What is needed:
All that is wanted is the exact text of the lines below from the one with "Einfache Reinigung dank" through the one with "Após a geração", inclusive, minus any pictures.

___ Information

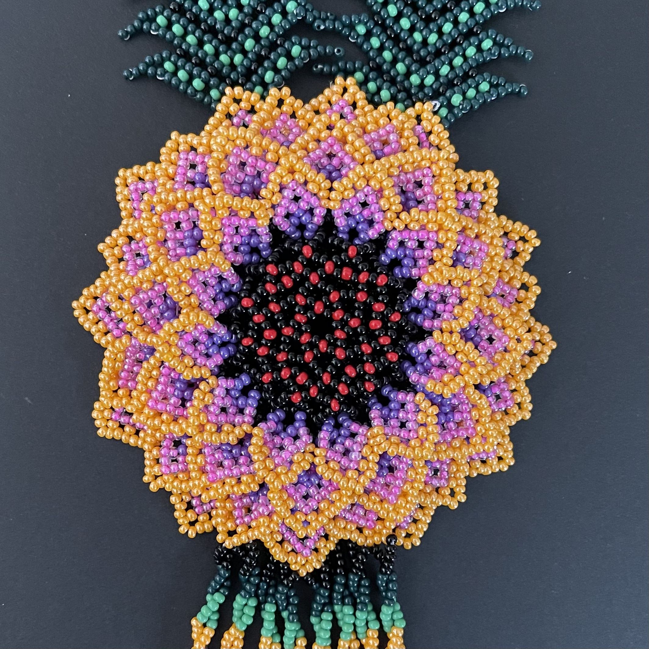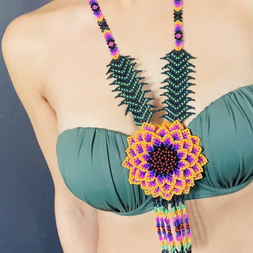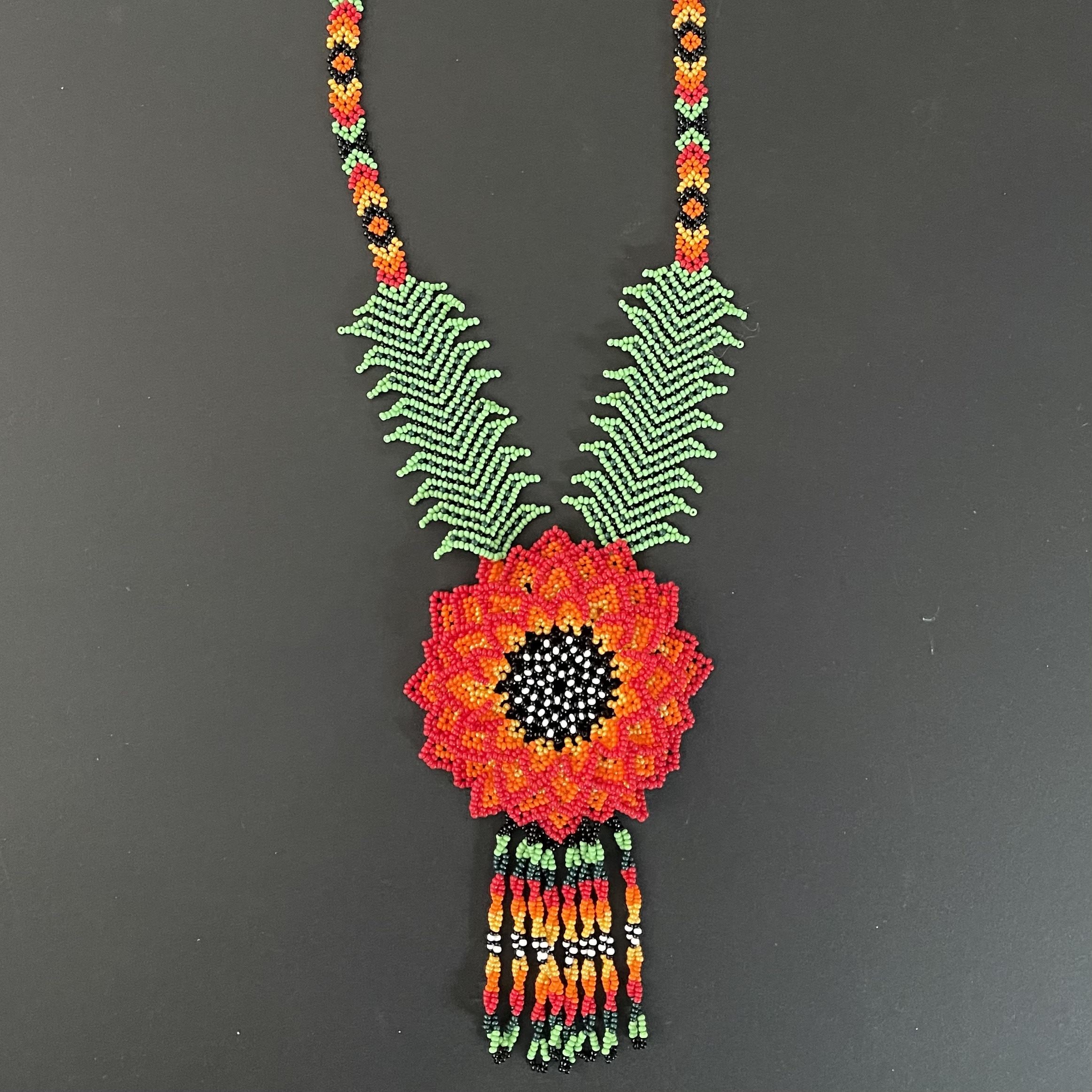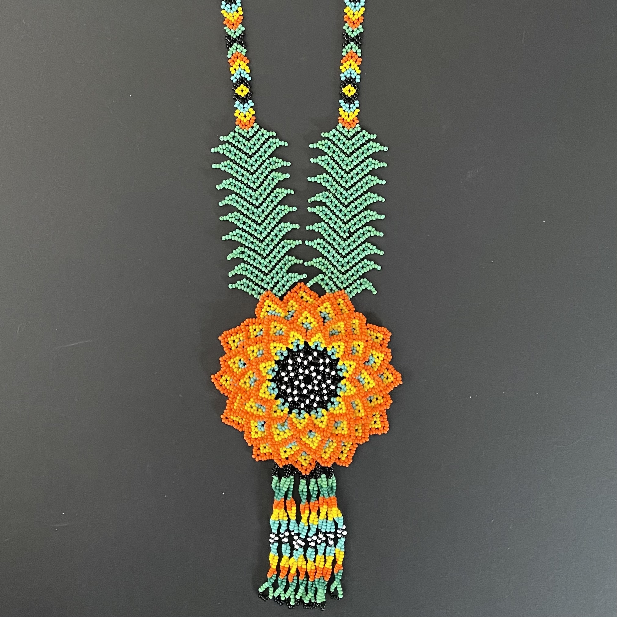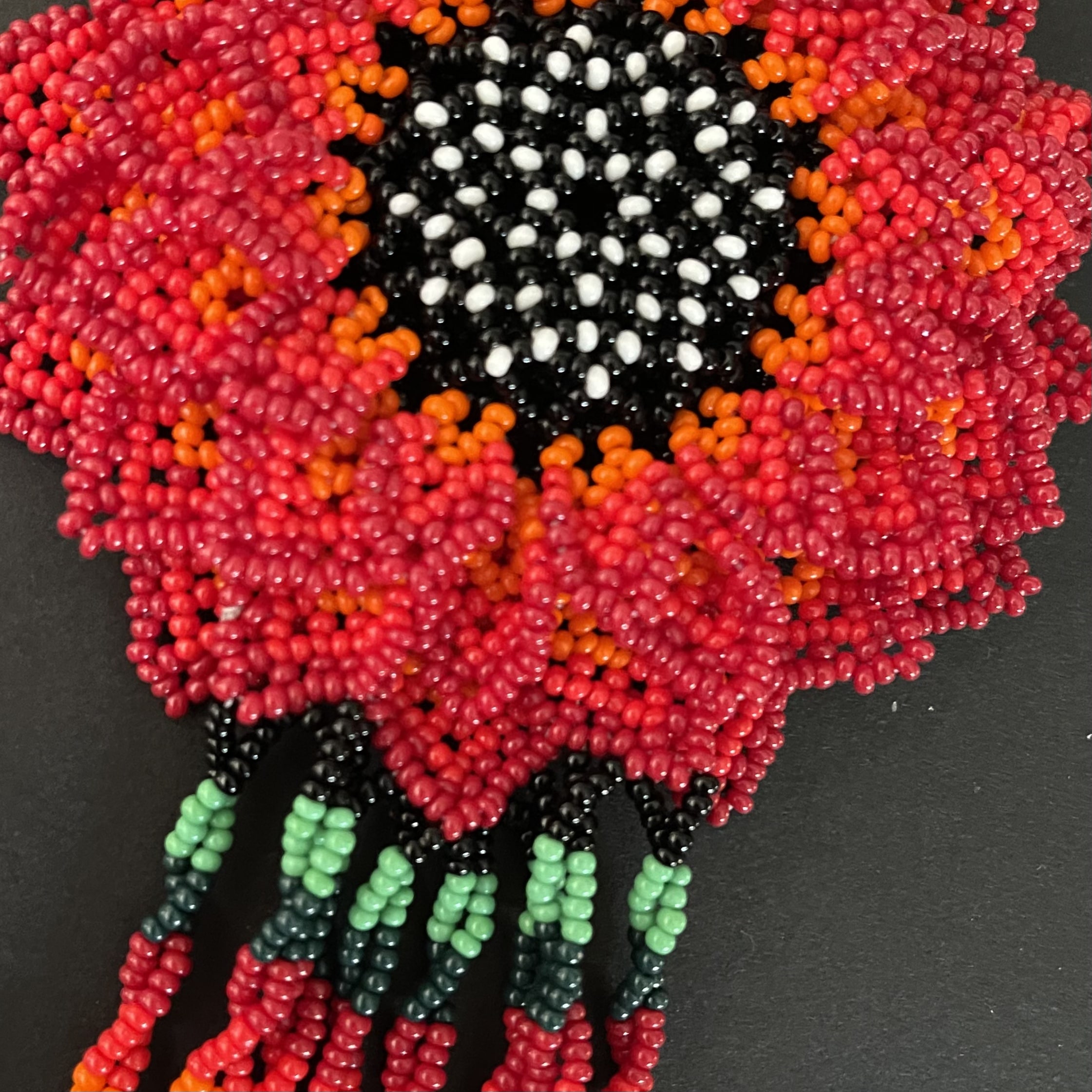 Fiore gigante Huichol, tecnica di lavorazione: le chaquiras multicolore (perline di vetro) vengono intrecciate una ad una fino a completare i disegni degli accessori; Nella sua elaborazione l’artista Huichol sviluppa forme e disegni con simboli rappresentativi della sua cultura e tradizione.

______
___ Information

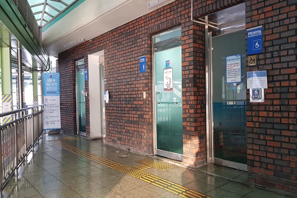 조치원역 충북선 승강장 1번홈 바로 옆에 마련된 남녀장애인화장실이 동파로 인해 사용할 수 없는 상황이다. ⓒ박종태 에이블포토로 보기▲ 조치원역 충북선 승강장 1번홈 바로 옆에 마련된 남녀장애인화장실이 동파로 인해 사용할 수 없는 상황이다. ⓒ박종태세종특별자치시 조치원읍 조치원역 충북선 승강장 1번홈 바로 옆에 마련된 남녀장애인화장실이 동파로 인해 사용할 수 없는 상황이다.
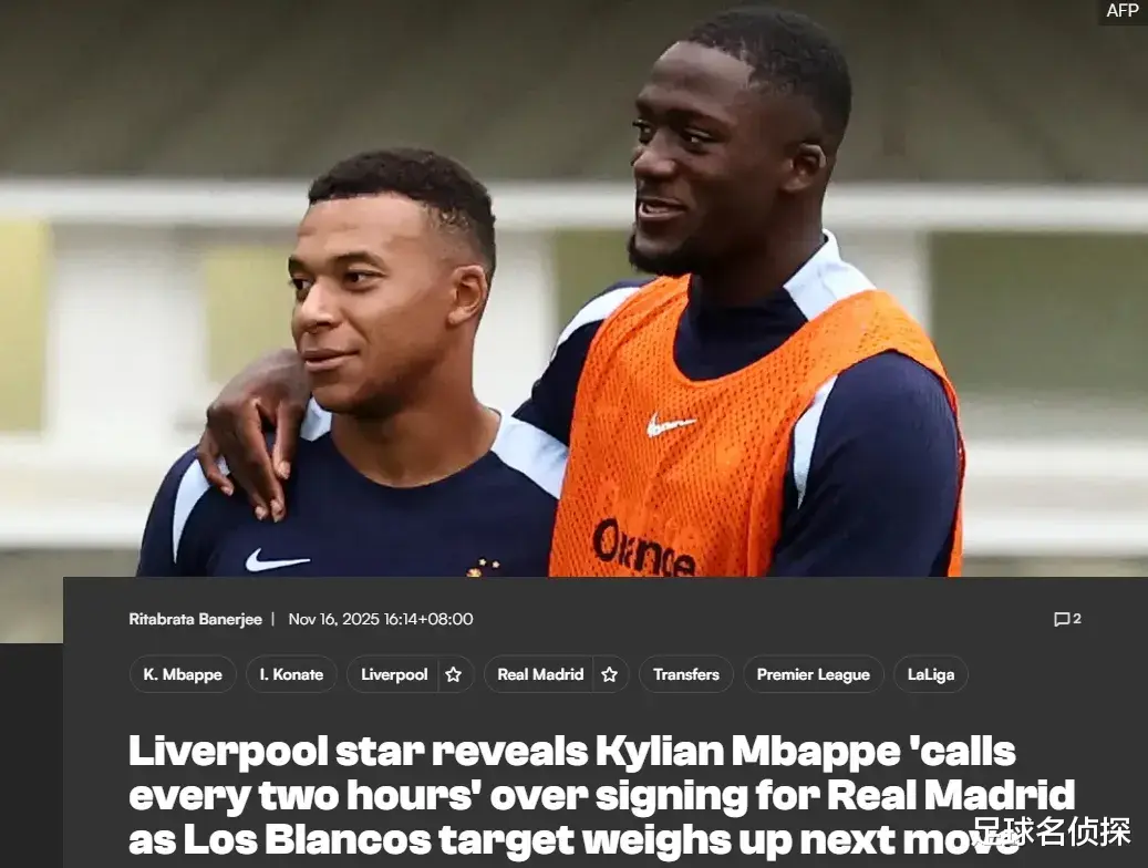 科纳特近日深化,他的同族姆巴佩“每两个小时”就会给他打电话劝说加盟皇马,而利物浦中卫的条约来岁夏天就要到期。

______
___ Information

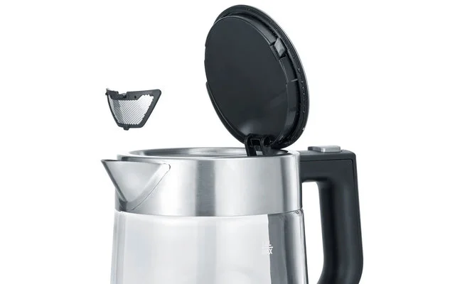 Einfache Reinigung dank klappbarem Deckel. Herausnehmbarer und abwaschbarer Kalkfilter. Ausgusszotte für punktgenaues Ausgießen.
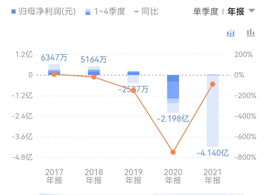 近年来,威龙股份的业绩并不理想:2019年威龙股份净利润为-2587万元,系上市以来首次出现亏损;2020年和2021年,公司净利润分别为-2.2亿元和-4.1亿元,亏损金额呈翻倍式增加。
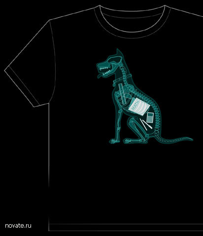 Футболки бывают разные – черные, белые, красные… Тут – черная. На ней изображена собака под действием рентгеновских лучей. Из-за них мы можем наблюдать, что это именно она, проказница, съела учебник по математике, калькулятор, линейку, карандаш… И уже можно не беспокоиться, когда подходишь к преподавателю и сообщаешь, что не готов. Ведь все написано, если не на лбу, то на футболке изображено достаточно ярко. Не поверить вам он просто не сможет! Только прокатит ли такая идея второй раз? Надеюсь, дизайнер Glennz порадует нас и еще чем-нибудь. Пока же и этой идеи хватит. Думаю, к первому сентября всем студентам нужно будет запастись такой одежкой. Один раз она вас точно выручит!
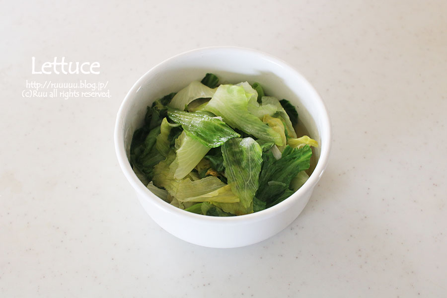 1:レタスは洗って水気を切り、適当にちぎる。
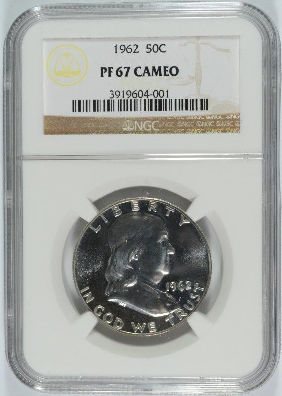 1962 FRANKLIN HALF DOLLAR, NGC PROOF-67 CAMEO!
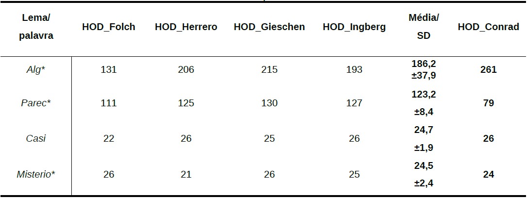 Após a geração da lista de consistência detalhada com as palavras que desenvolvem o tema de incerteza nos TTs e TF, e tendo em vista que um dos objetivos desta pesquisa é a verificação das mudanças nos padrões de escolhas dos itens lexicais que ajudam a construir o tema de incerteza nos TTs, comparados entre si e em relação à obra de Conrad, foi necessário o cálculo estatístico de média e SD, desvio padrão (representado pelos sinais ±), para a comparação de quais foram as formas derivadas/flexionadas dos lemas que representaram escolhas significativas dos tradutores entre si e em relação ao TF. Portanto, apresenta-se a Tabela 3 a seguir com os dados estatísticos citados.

______

Solution below:
 Einfache Reinigung dank klappbarem Deckel. Herausnehmbarer und abwaschbarer Kalkfilter. Ausgusszotte für punktgenaues Ausgießen.
 近年来,威龙股份的业绩并不理想:2019年威龙股份净利润为-2587万元,系上市以来首次出现亏损;2020年和2021年,公司净利润分别为-2.2亿元和-4.1亿元,亏损金额呈翻倍式增加。
 Футболки бывают разные – черные, белые, красные… Тут – черная. На ней изображена собака под действием рентгеновских лучей. Из-за них мы можем наблюдать, что это именно она, проказница, съела учебник по математике, калькулятор, линейку, карандаш… И уже можно не беспокоиться, когда подходишь к преподавателю и сообщаешь, что не готов. Ведь все написано, если не на лбу, то на футболке изображено достаточно ярко. Не поверить вам он просто не сможет! Только прокатит ли такая идея второй раз? Надеюсь, дизайнер Glennz порадует нас и еще чем-нибудь. Пока же и этой идеи хватит. Думаю, к первому сентября всем студентам нужно будет запастись такой одежкой. Один раз она вас точно выручит!
 1:レタスは洗って水気を切り、適当にちぎる。
 1962 FRANKLIN HALF DOLLAR, NGC PROOF-67 CAMEO!
 Após a geração da lista de consistência detalhada com as palavras que desenvolvem o tema de incerteza nos TTs e TF, e tendo em vista que um dos objetivos desta pesquisa é a verificação das mudanças nos padrões de escolhas dos itens lexicais que ajudam a construir o tema de incerteza nos TTs, comparados entre si e em relação à obra de Conrad, foi necessário o cálculo estatístico de média e SD, desvio padrão (representado pelos sinais ±), para a comparação de quais foram as formas derivadas/flexionadas dos lemas que representaram escolhas significativas dos tradutores entre si e em relação ao TF. Portanto, apresenta-se a Tabela 3 a seguir com os dados estatísticos citados.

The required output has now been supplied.